Headless · Pear Terminal / Bare · planned

Headless App

Pear Terminal / Bare · planned

Headless Overview

Not implemented yet. Planned as an always-on personal server that runs on a device the user owns (Raspberry Pi, mini PC, NAS) and acts as a durable personal peer — not a central cloud service.

Role

Run as a long-lived owned peer that persists the same Autobase/Corestore data model, helps devices reconnect, and later coordinates with relay/storage dongles.

First milestone

Create/join invites; expose peer count, sync state, base identity, and storage status; CLI for setup, status, invite, join, export, and shutdown; and a P2P owner-control command/event channel for trusted clients.

Capabilities (opt-in at setup)

Bootstrap helper, replication helper, storage helper, async message helper, notification/reconnect helper, and diagnostics helper — each chosen during first-run setup so the device only enables the roles the owner wants. Under the current substrate, content-access roles must be treated as trusted full-participant roles; blind storage/relay helpers should receive no list encryption key.

Security gates

Require pairing/auth for control operations and never expose raw control endpoints publicly by default. The owner-control admin channel needs signed per-device capabilities, replay protection, owner-authorized membership, and key-rotation design before implementation (see review findings C1–C3, H1).

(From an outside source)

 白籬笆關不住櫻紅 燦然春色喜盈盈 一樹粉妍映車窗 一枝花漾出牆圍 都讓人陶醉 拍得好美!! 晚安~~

Status: The listam-headless repository is currently empty. See the Multi-App Plan for owner-control, the co-invite flow, and the review findings (C1–C3, H1) that must be resolved first.
Verification

Testing

How an implementation agent tests the headless server and proves it interacts with mobile and desktop. See also the implementation plans and the security findings.

Unit

Backend service logic behind the Node runtime port (no BareKit globals); the apply reducer; owner-signed membership verification (C3); corruption quarantine/recovery (M4); redaction (M5).

Integration

CLI (setup/status/invite/join/export/shutdown); owner-control auth — signed accepted, unsigned/expired/replayed/out-of-scope rejected, capability scope, device revoke (H1); a blind helper never receives the encryption key (C2); queue/storage quotas.

Soak

A long-lived peer stays up for hours with bounded storage/queue; restart preserves identity, storage, and status.

How to run

node headless.mjs --storage <dir> --bootstrap <addr> from the listam-headless repo; script invite/join against a second headless or a desktop instance; runs headlessly in CI.

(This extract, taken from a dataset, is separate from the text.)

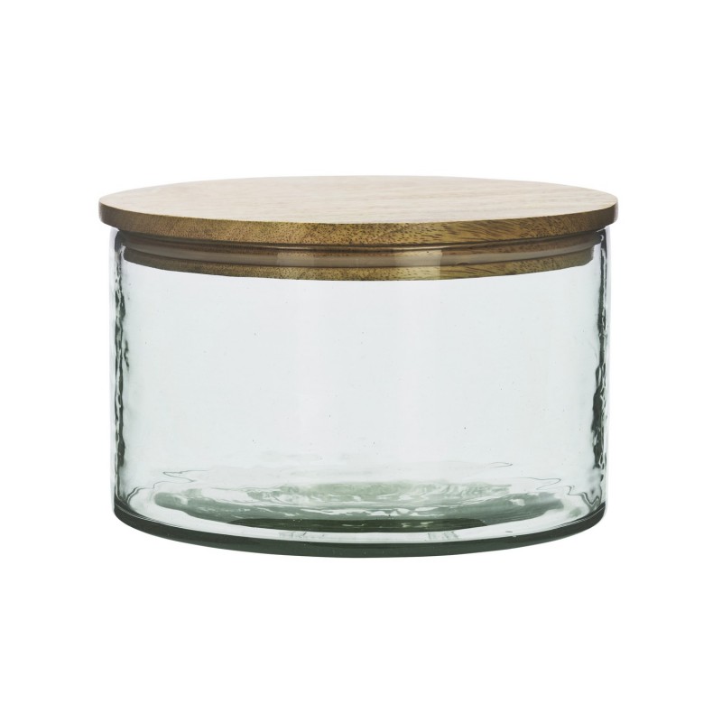 Fabriqué en verre partiellement recyclé et surmonté d’un couvercle en bois de manguier, ce bocal allie beauté brute et efficacité.

Interaction: Headless is the always-on peer central to the cross-instance matrix: mobile ↔ headless (stays online while mobile closed, accepts generated/edited/deleted content, reopen → sync), desktop ↔ headless content-operation sync, the 3-way convergence test, and the security rows — non-owner add-writer ignored (C3), blind-storage cannot decrypt (C2), owner-control replay rejected (H1).